导入English语言类并创建nlp对象。
处理文本并实例化Doc变量中的对象doc。

选择的第一个标记Doc并打印text。

# Import the English language class and create the nlp object
from spacy.lang.en import English
?
nlp = English()
?
# Process the text
doc = nlp("I like tree kangaroos and narwhals.")
# Select the first token
first_token = doc[0]
?
# Print the first token‘s text
print(first_token.text)

步骤2

导入English语言类并创建nlp对象。
处理文本并实例化Doc变量中的对象doc。
Doc为令牌“ tree kangaroos”和“ tree kangaroos and narwhals”创建一个切片。

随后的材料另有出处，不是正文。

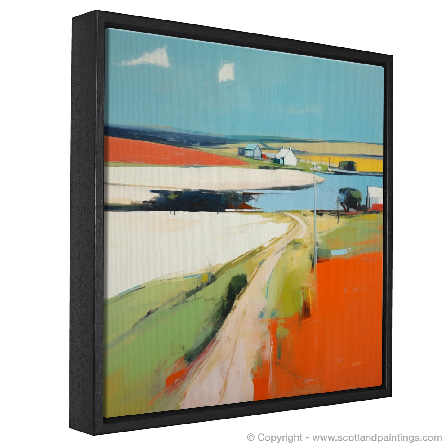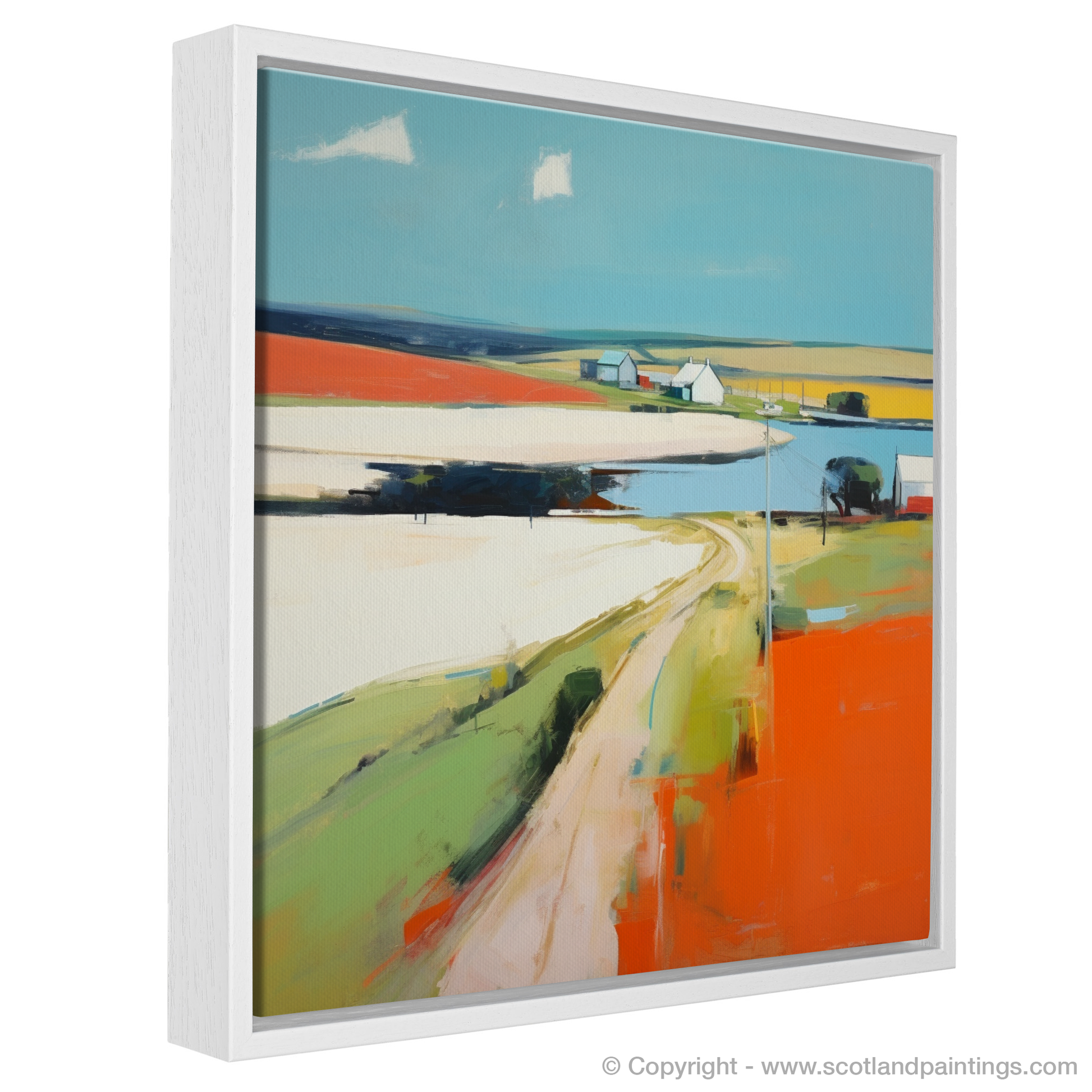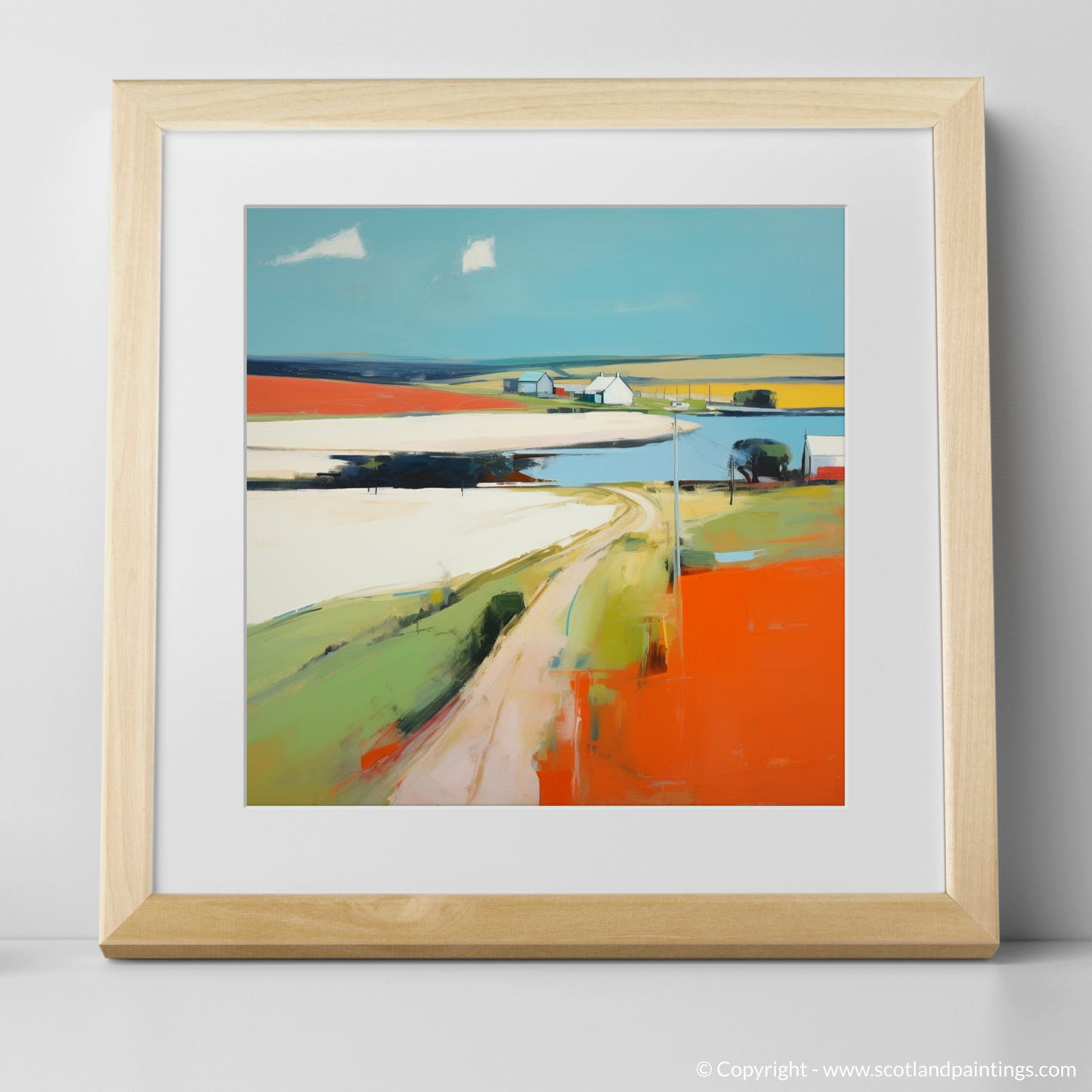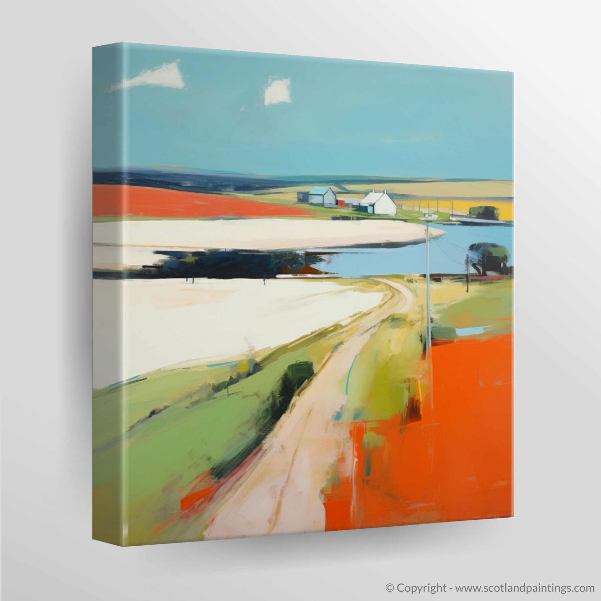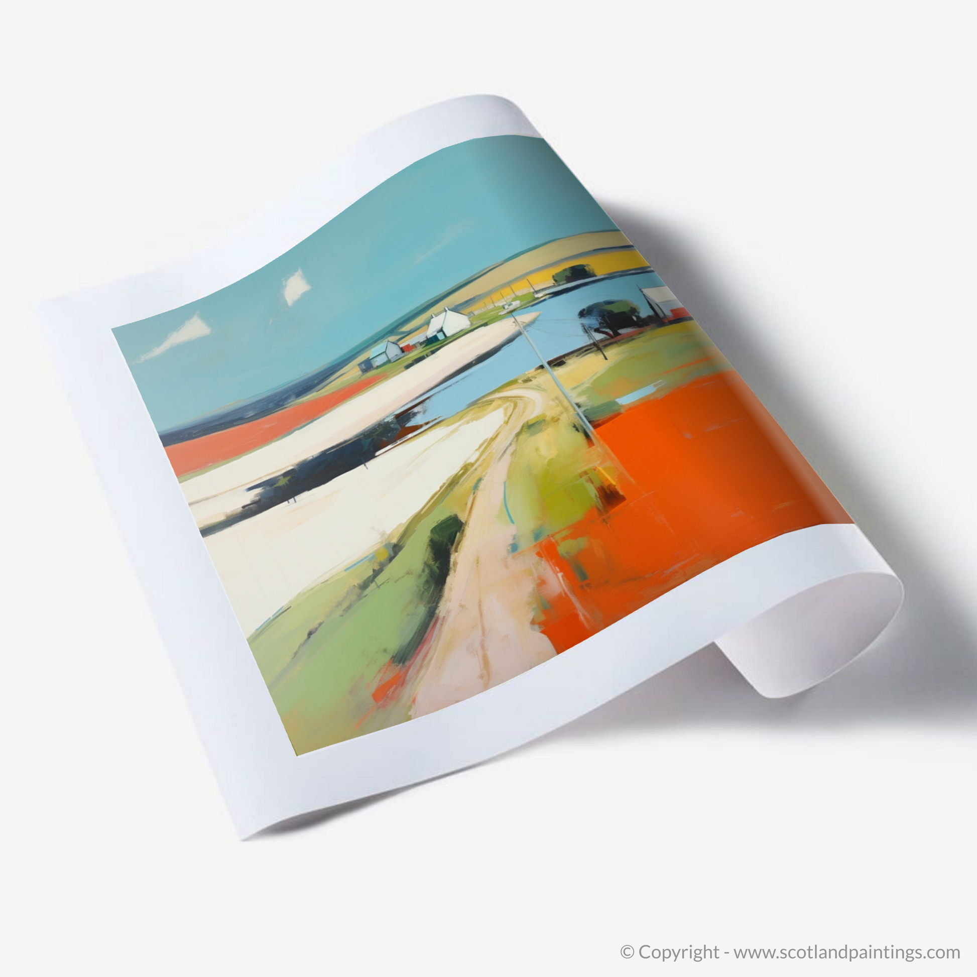 Immerse yourself in the vibrant tapestry of Newburgh with this compelling contemporary piece, capturing the unique essence of Aberdeenshire's serene village charm. This painting sings with a palette of bold, expressive colours that evoke the warm, raw beauty of the Scottish landscape. A sinuous road meanders through the composition, a ribbon of pale ochre against the bright, fiery hue of the foreground, whispering of journeys and stories held within this timeless place.

# Import the English language class and create the nlp object
from spacy.lang.en import English
?
nlp = English()
?
# Process the text
doc = nlp("I like tree kangaroos and narwhals.")
?
# A slice of the Doc for "tree kangaroos"
tree_kangaroos = doc[2:4]
print(tree_kangaroos.text)
?
# A slice of the Doc for "tree kangaroos and narwhals" (without the ".")
tree_kangaroos_and_narwhals = doc[2:6]
print(tree_kangaroos_and_narwhals.text)

词汇属性

在此示例中，将使用spaCyDoc和Token对象以及词法属性在文本中查找百分比。您将寻找两个后续标记：一个数字和一个百分号。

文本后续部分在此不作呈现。